A cinematografia em preto e branco faz referência a filmes da década de 1960 como “;Eu sou Cuba, ”; e as imagens dependem da abstração para criar um tom lírico sombrio. Fotos no estilo retrato e momentos de quietude compostos são levados para a fotografia de belas artes, usando a edição como um modo evocativo de contar histórias - uma tempestade dramática é gerada em fotos rapidamente editadas de ondas quebrando em rochas e rostos à noite.

As imagens abstratas servem à narrativa, que é composta mais por elementos temáticos e emoções. As coisas são indicadas, sugeridas, sugeridas e reproduzidas (com a ajuda da partitura percussiva e imponente de Brooke e Will Blair) sem articulação clara. Sandler abraça os momentos de silêncio e há um poder silencioso em sua quietude, especialmente no desempenho de Stanfield.

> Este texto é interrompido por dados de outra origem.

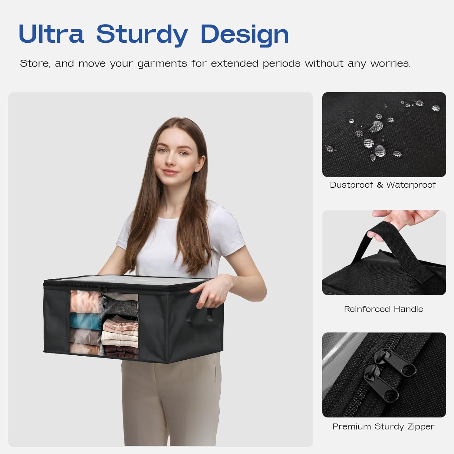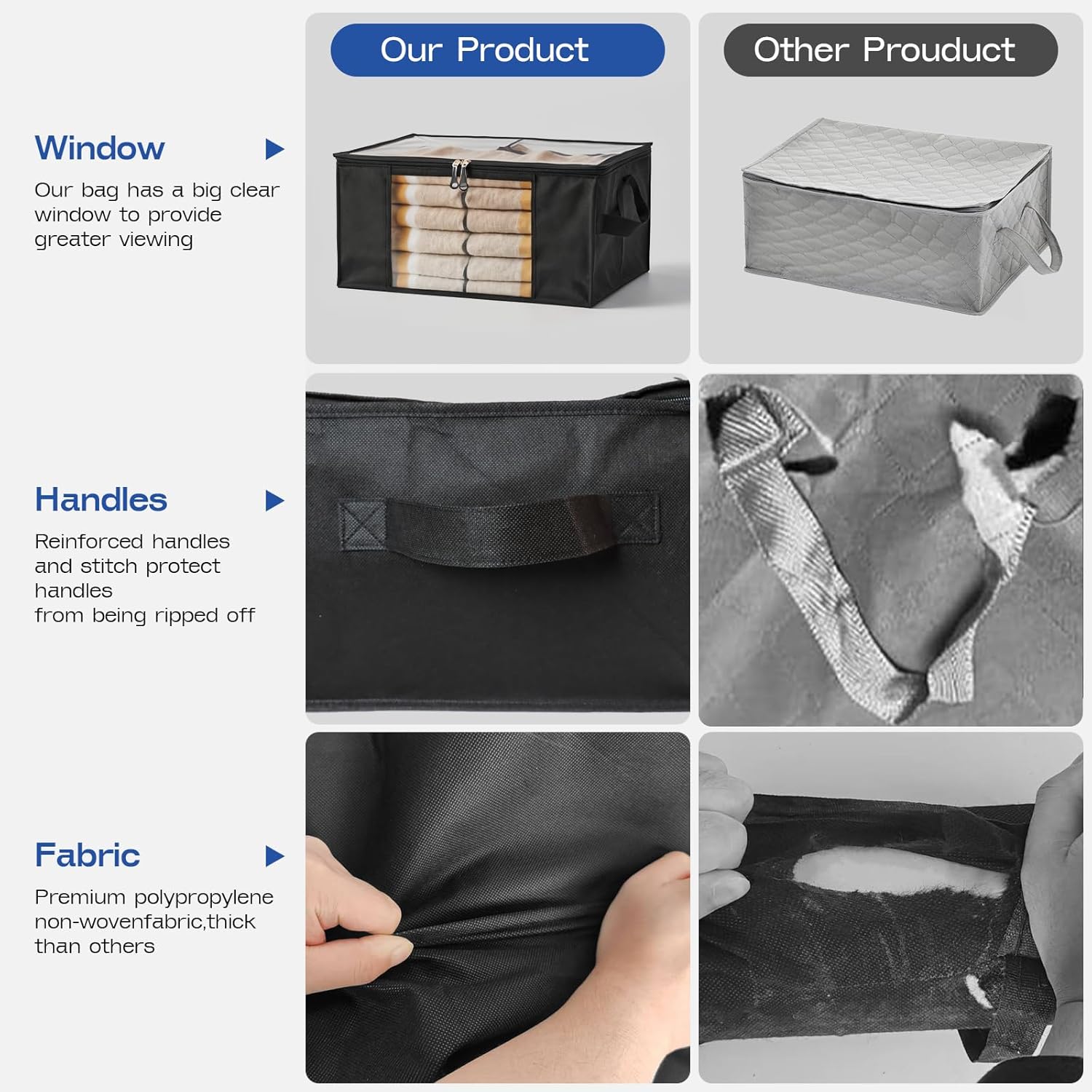 - 【Sturdy Zipper & Clear Window】Sturdy zipper ensures durability, the two-way zipper slides easily along the closure when in use, and the clear window on the front allows you to quickly find and distinguish your blankets, clothes, quilts, towels, pillows, shoes, books and toys.
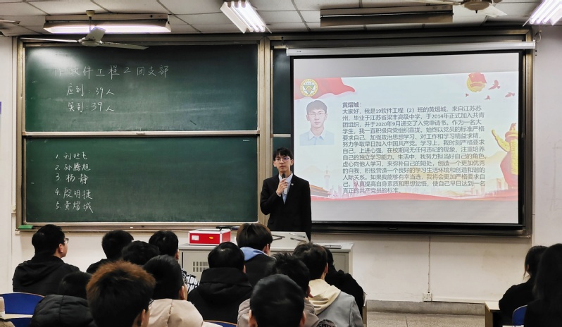 推荐优秀团员、青年作为党的发展对象是共青团发挥党的助手和后备军作用的重要体现,是党赋予共青团的光荣职责。为认真做好“推优”工作,向党组织输送思想上进、高素质的团员青年做发展对象, 根据《关于开展sunbet申搏官网2020-2021学年第二学期“团内推优”工作的通知》要求,3月23日,“团内推优”示范班——19软件工程2团支部推优大会在华罗庚馆202教室举行。此次大会,在校团委、院团委以及辅导员庄丽老师的监督下,支部39名共青团员共到场。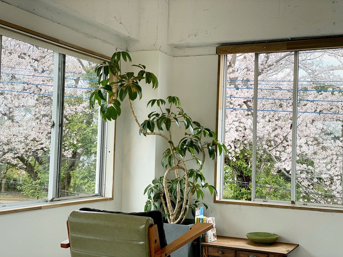 春には、大きな窓越しに見る満開の桜を堪能できます。
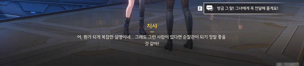 방랑자가 '어둠 속에 숨은 정의의 사도", '정과 의리를 중시하는 동반자", '적인지 아닌지 구분하기 어려운 사람'에게 도움을 받았다고 말하자, 그런 사람이 있다면 순찰관이 되기 정말 좋은 사람일 것 같다고 치샤가 말한다.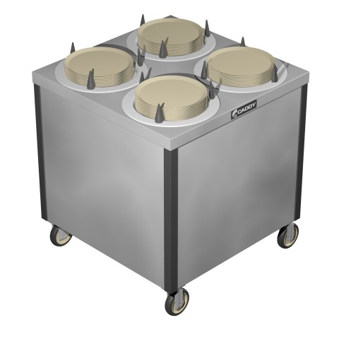 Caddy Magic Dish Dispenser, cabinet style, unheated, (4) self-leveling adjustable dispensing cylinders, approximate dish size 10-1/4" to 12" dia., stainless steel top, plastic corner bumpers, 4" swivel casters, NSF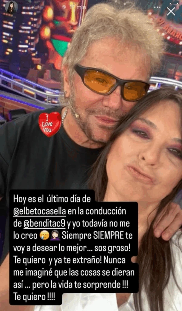 Quien no estuvo presente en el estudio durante la despedida fue Edith Hermida, aunque también eligió expresarse desde las redes. La panelista, que asumiría un rol clave en el futuro del programa, publicó un mensaje cargado de afecto: “Hoy es el último día de Beto Casella en la conducción de Bendita y yo todavía no me lo creo. Siempre te voy a desear lo mejor… sos groso”.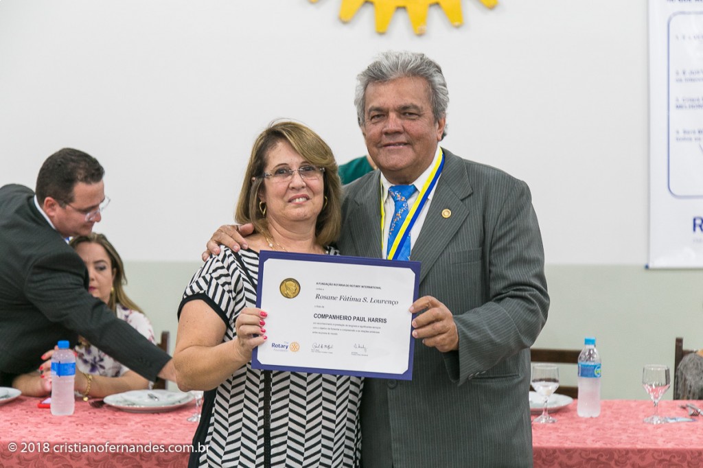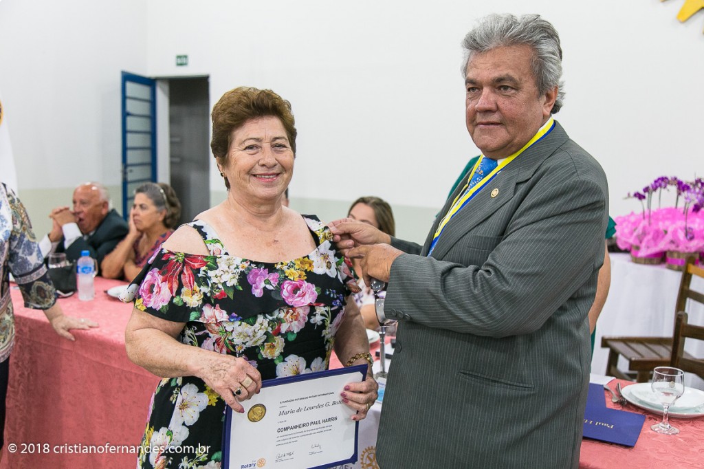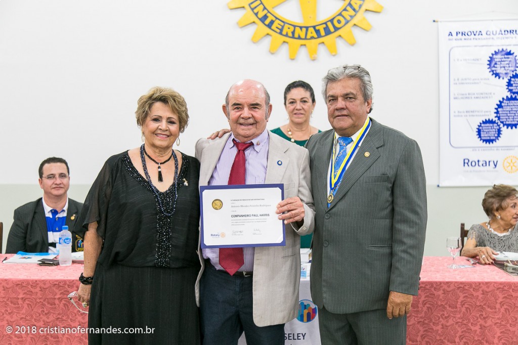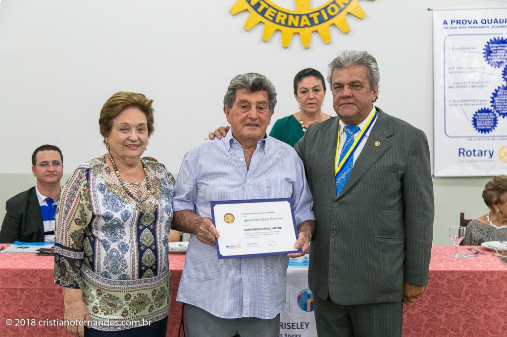 A reunião festiva do mês de Maio do Rotary Club de Presidente Venceslau, realizada no dia 10, foi uma noite de muitas emoções. Na data, o Presidente do Rotary recebeu o título Paul Harris das mãos do Governador Assistente Emerson Biscola, bem como a medalha de mérito rotário pelas ações de combate a poliomielite no ano Rotário 2017/2018. Logo a seguir o Presidente Álvaro Carlos teve a honra de fazer a entrega de mais (4) quatro títulos Paul Harris foram agraciados com o Títulos os rotarianos: Aparecido Alceu Fontolan, Maria de Lourdes Gomes Batata, Rosane Fátima S. Lourenço e finalmente ao Antonio Mendes Peixinho com mais de 30 anos de Rotary recebendo seu ítulo.

Não há respostas realmente fáceis, mesmo quando parecem existir. A narrativa é frouxamente unida e a abstração de visuais e histórias substitui o tecido conjuntivo da trama. O filme é abertamente influenciado pelas abordagens da New Wave, especialmente o Terceiro Cinema na América Latina, tanto estética quanto tematicamente. A mensagem política é um pouco tênue, embora distorcida, envolvendo questões econômicas nas escolhas dos personagens, e se referindo a nebulosos 'brancos ricos' - (de quem Nadine é um).

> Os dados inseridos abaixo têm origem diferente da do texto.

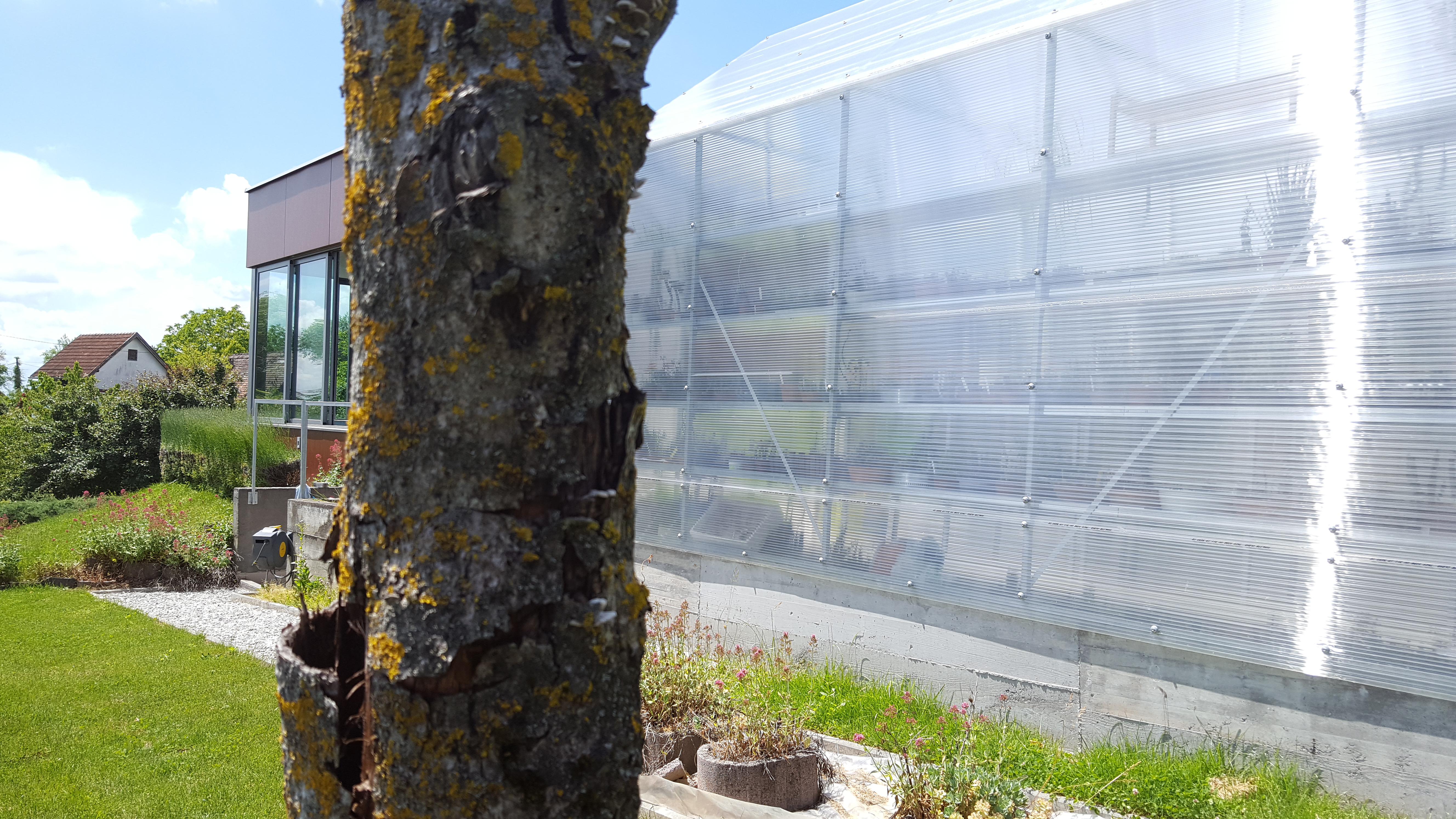 Parcela je poprilično velika, oko 4000 kvadrata i potpuno je ozelenjena. Vlasnici imaju vlastiti vrt i plastenik koji zadovoljavaju njihove potrebe za voćem i povrćem. Na ravnom krovu bazena su montirani solarni kolektori koji značajno smanjuju račune za grijanje i pripremu tople vode, što je kod kuća sa zatvorenim bazenom velika stavka. Reciklaža, uzgoj organske hrane, spremište za kišnicu i pasivna kuća je sve zapravo što jedan minimalist traži od obiteljske kuće.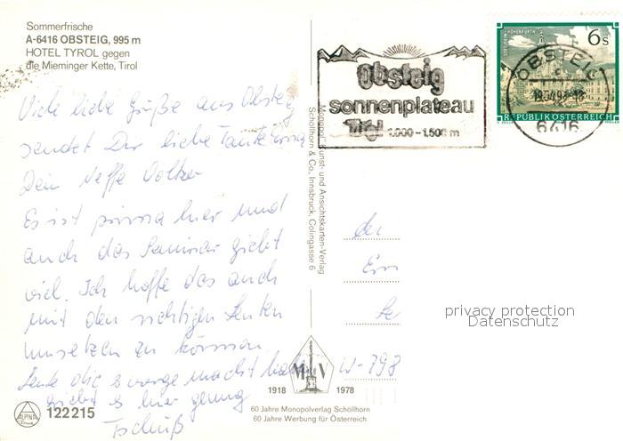 73477877 alte Postkarte Obsteig Tirol Hotel Tyrol gegen Mieminger Kette postalisch gelaufen Erhaltung siehe scans [FriedD77] KatCode: 11390334070213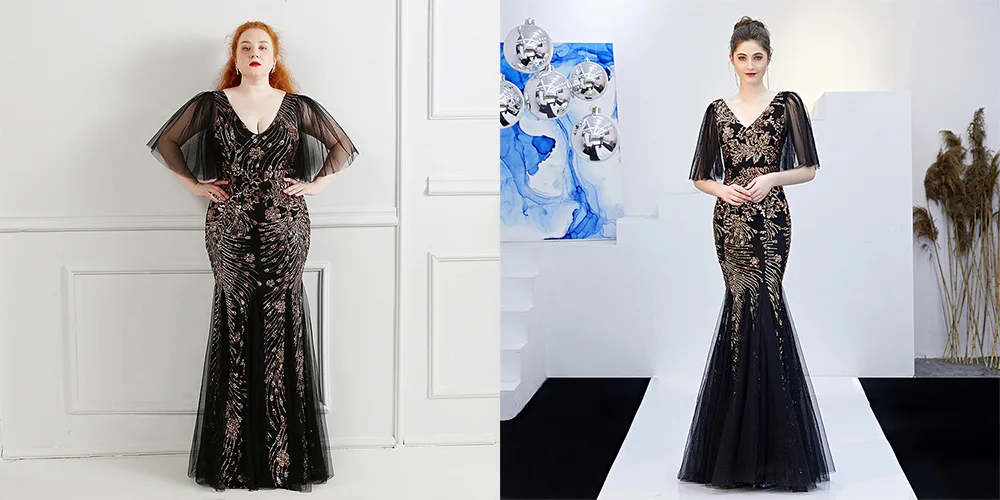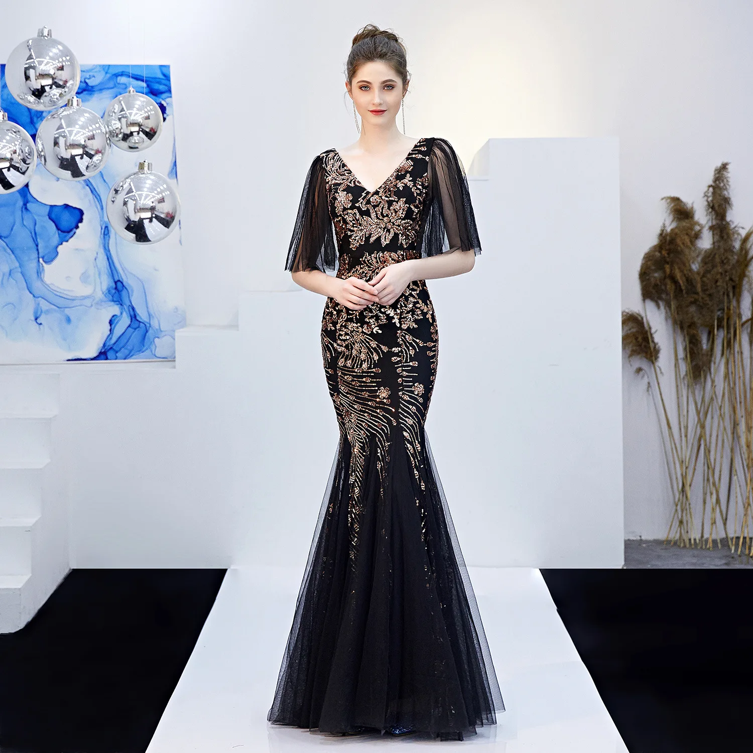 Женское коктейльное платье, черное блестящее вечернее платье-Русалка с V-образным вырезом, в полную длину, 2021

Mas 'Live Cargo' rdquo; é uma peça de humor, um poema de tom de um lugar, uma tragédia mítica impulsionada por falibilidades devastadoramente humanas. Ancorado por um quarteto de performances igualmente fortes e discretas de Hemingway, Stanfield, Wisdom e Dillon, 'Live Cargo' prova ser um filme singularmente artístico de grande peso emocional. [UMA-]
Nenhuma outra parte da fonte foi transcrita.